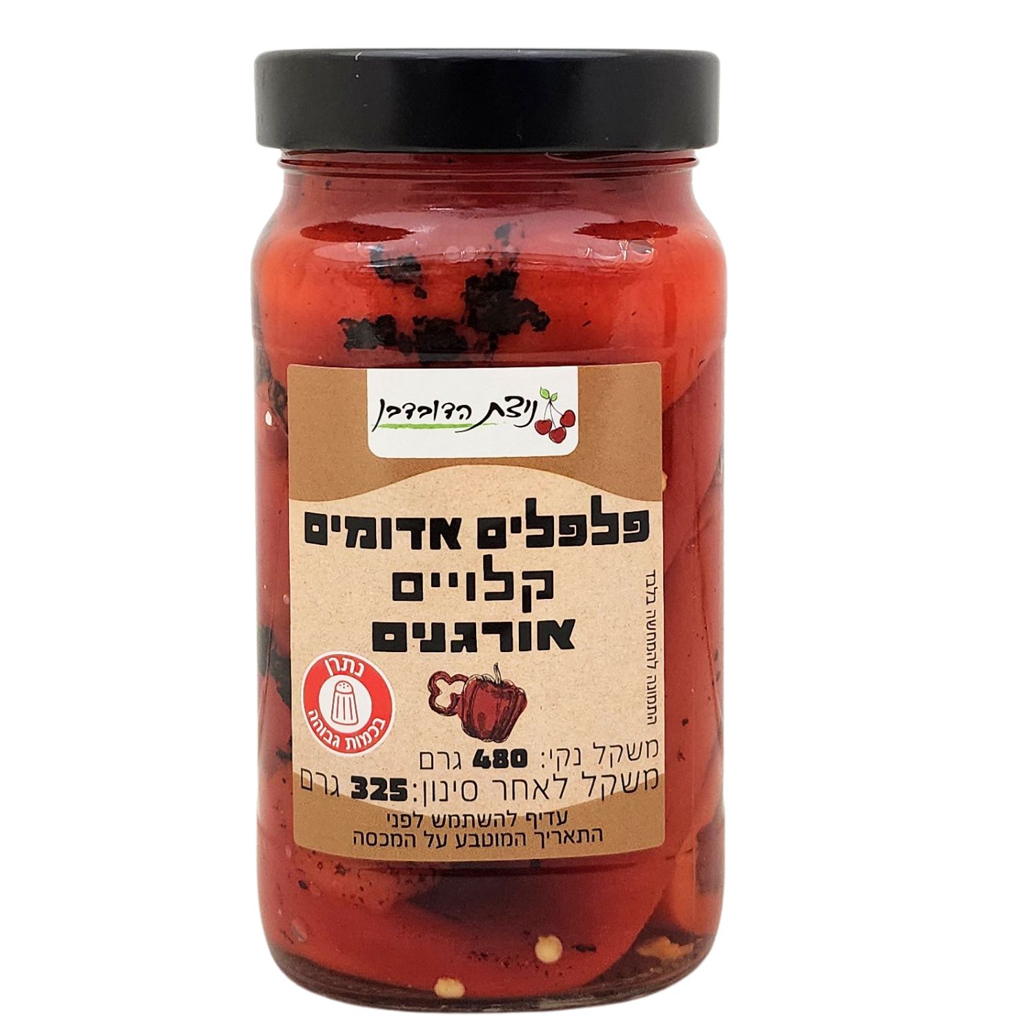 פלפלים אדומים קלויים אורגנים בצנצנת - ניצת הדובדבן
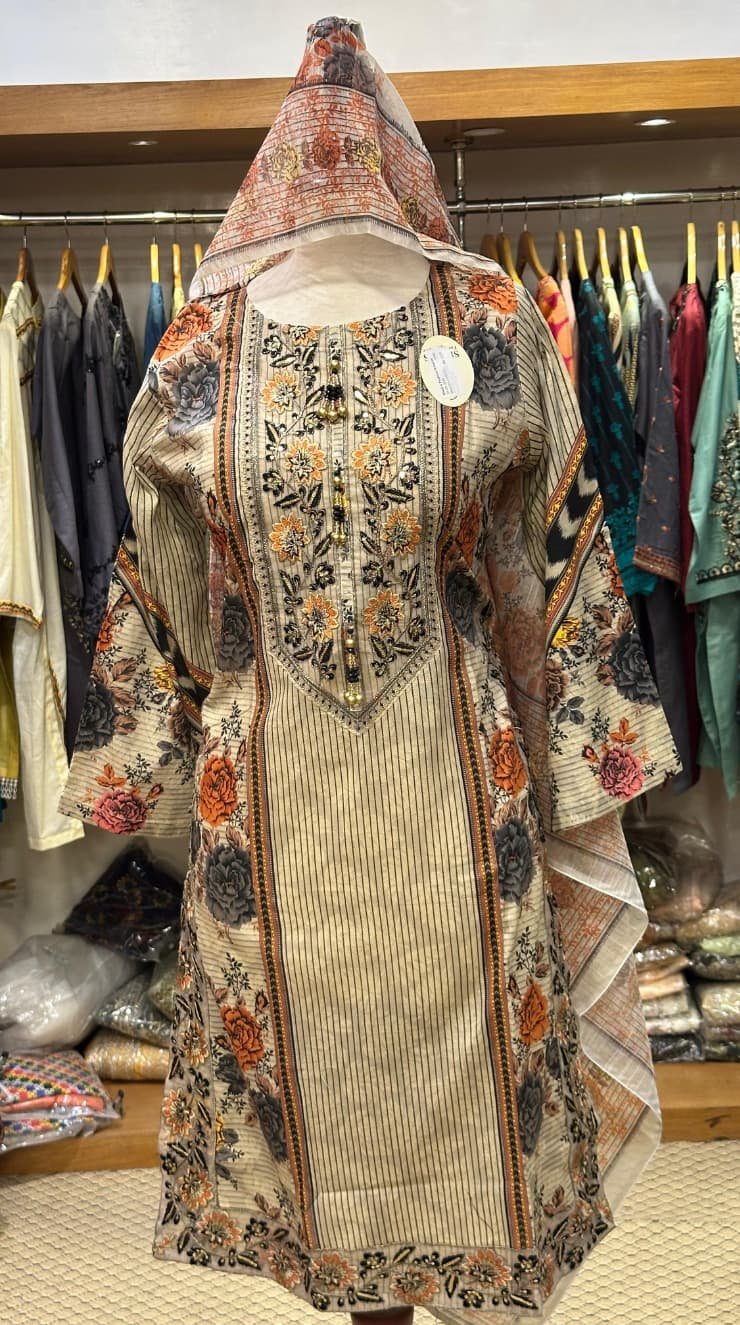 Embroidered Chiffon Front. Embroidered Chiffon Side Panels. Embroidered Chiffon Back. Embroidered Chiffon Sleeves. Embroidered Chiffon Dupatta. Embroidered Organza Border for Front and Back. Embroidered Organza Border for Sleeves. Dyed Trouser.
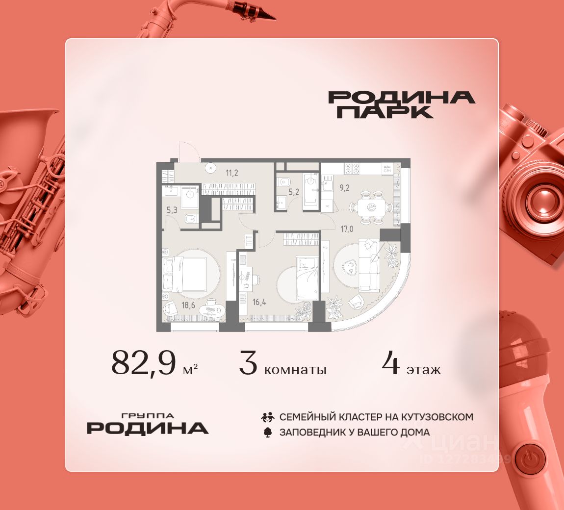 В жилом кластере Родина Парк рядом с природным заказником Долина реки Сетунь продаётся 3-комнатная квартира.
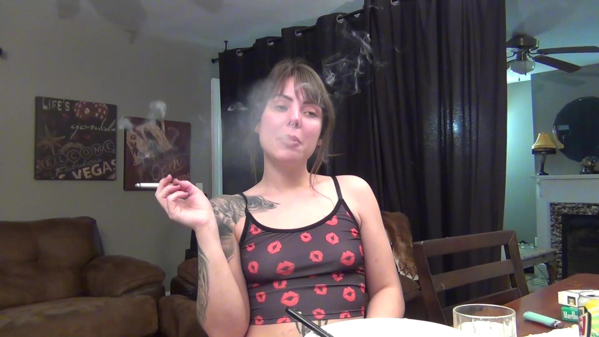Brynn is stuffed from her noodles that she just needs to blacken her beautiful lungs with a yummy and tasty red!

WHAT NEEDS TO BE DONE
Please print the entire listing again exactly, minus its images.

ANSWER BOX
 פלפלים אדומים קלויים אורגנים בצנצנת - ניצת הדובדבן
 Embroidered Chiffon Front. Embroidered Chiffon Side Panels. Embroidered Chiffon Back. Embroidered Chiffon Sleeves. Embroidered Chiffon Dupatta. Embroidered Organza Border for Front and Back. Embroidered Organza Border for Sleeves. Dyed Trouser.
 В жилом кластере Родина Парк рядом с природным заказником Долина реки Сетунь продаётся 3-комнатная квартира.
Brynn is stuffed from her noodles that she just needs to blacken her beautiful lungs with a yummy and tasty red!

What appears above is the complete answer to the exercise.